Thursday, January 3, 2008

Not My Place

When I entered Tree Faerie's classroom this morning to drop her off, the little girl that transitioned to the toddler room with Tree Faerie (let's call her L)was sitting in the floor screaming. I asked the head toddler room teacher, we'll call her Ms. J, if she was okay. Ms. J said she didn't know what was wrong with her and that she'd tried several things to comfort her, but nothing was working. Ms. J said when she tried to hold her to comfort her, L pushed her away and didn't want anything to do with Ms. J.

I felt bad for both of them, but I know that all babies have days like that. While I was snuggling Tree Faerie before leaving, I saw the head infant room teacher, Ms. D, looking in through the window.

Since I also know L from Ms. D's infant room, I know she has always taken a little longer to be comfortable with changes. She is 3 days older than Tree Faerie, however she's consistently hit all her milestones 2 months later than Tree Faerie. I thought that maybe L may need a bit more help transitioning.

I stopped by Ms. D's room before leaving, and Ms. D was really upset that Ms. J wasn't trying to comfort L. I came to Ms. J's defense by repeating what Ms. J had said to me when I asked, but Ms. D was still unsatisfied. She said that Ms. J doesn't like for them to peek in the windows or get involved with the care of the toddlers. From the way she was talking, it sounded like Ms. D was continually dissatisfied with the way Ms. J comforts the toddlers. Ms. D suggested that I say something to the director.

I refused for several reasons. 1) I'd much rather discuss things with the teacher first before taking it to the director. 2) I didn't actually see anything WRONG today. All babies have bad days, and Ms. J's assistant was running late this morning. Ms. J still had to take care of the other babies. 3) Since my first suggestion would be to possibly extend the transition period for L, I can't really make that suggestion since I'm not the parent.

On my way out the door, I stopped and peeked in the window. Ms. J saw me and gave me a look that I read to mean, "Is something wrong?" I gave her the biggest smile I could and waved.

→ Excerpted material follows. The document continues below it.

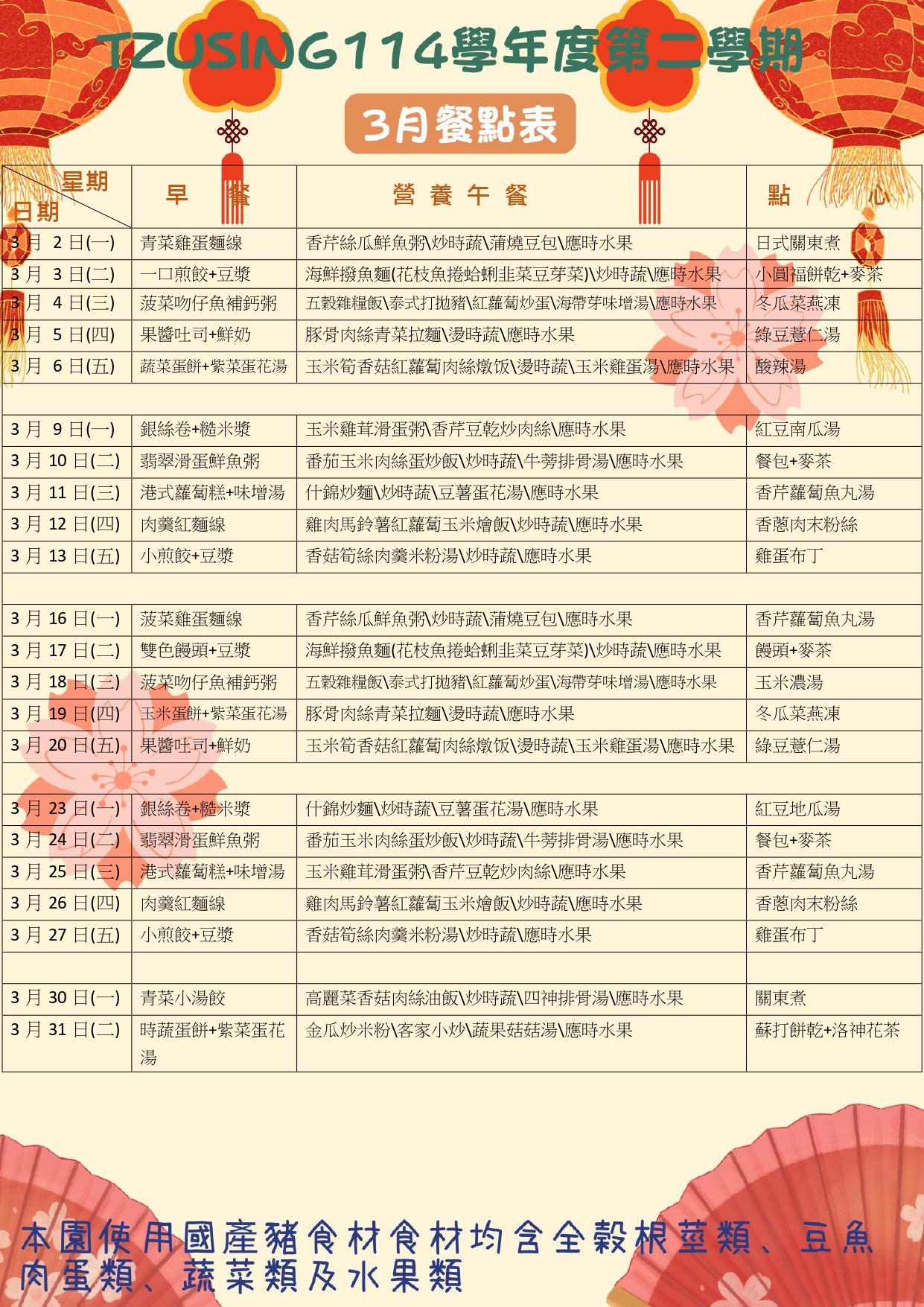 餐點表

I told DTTF about the encounter this morning, and he had pretty much the same perspective I had. While we were talking, it also occurred to me that part of the problem MAY BE the infant room teachers peeking in, especially in the first few weeks after transitioning. Maybe L is having a bit of separation anxiety from the infant room teachers, so when she sees them peeking in, she immediately wants to go to them. When that doesn't happen - meltdown. Part of the reason I think this may be a factor is because when Tree Faerie saw Ms. D this morning through the window, she wanted to go to Ms. D.

I will not be discussing this with the director at this point, though if I continue to see this happening with L, I may mention my thoughts to Ms. J, specifically the part about the infant room teachers peeking in. If Ms. D brings it up to me, I will definitely tell her my thoughts on it. I know the infant teachers love those babies, but when it's time for them to move on, sometimes distance is best after the child has transitioned to the new room, at least until the baby has adjusted to the new room.

6 comments:

Coal Miner's Granddaughter said...

I agree with you. It's just your place to discuss your kids (or any horrible/obvious abuse you may see to any other kids). Other than that, the teachers need to talk amongst themselves.

Stephanie J. Blake said...

What a tough spot!

I haven't been cruising by my favorite blogs lately.

Holidays + 3 boys + busy!

Glad to hear the recap on a great year!

Happy holidays and all that jazz.

Stephanie

TTQ said...

Good for you! Happy New Year!

Monnik said...

I agree with you, but I also hate to think of a baby crying and not being comforted.

But you're right... it's not your place to get involved. So many people wouldn't take the high road like you did, though... so good for you!

Carey said...

Transitioning can be really hard for some kids. But I don't think that seeing the other teacher would be bad...At our center, the teachers often stop by the rooms and visit. But they also transition slowly, especially for those who don't handle it well.

But I do agree that it isn't your place to talk to the director. And the teacher shouldn't have asked you to do that.

Kids are resilient and they do adjust...it probably seemed worse than it was.

Good Luck!

Carrie and Troy Keiser said...

I totally agree with you on this one. I would not want to be in your position, though. Good luck.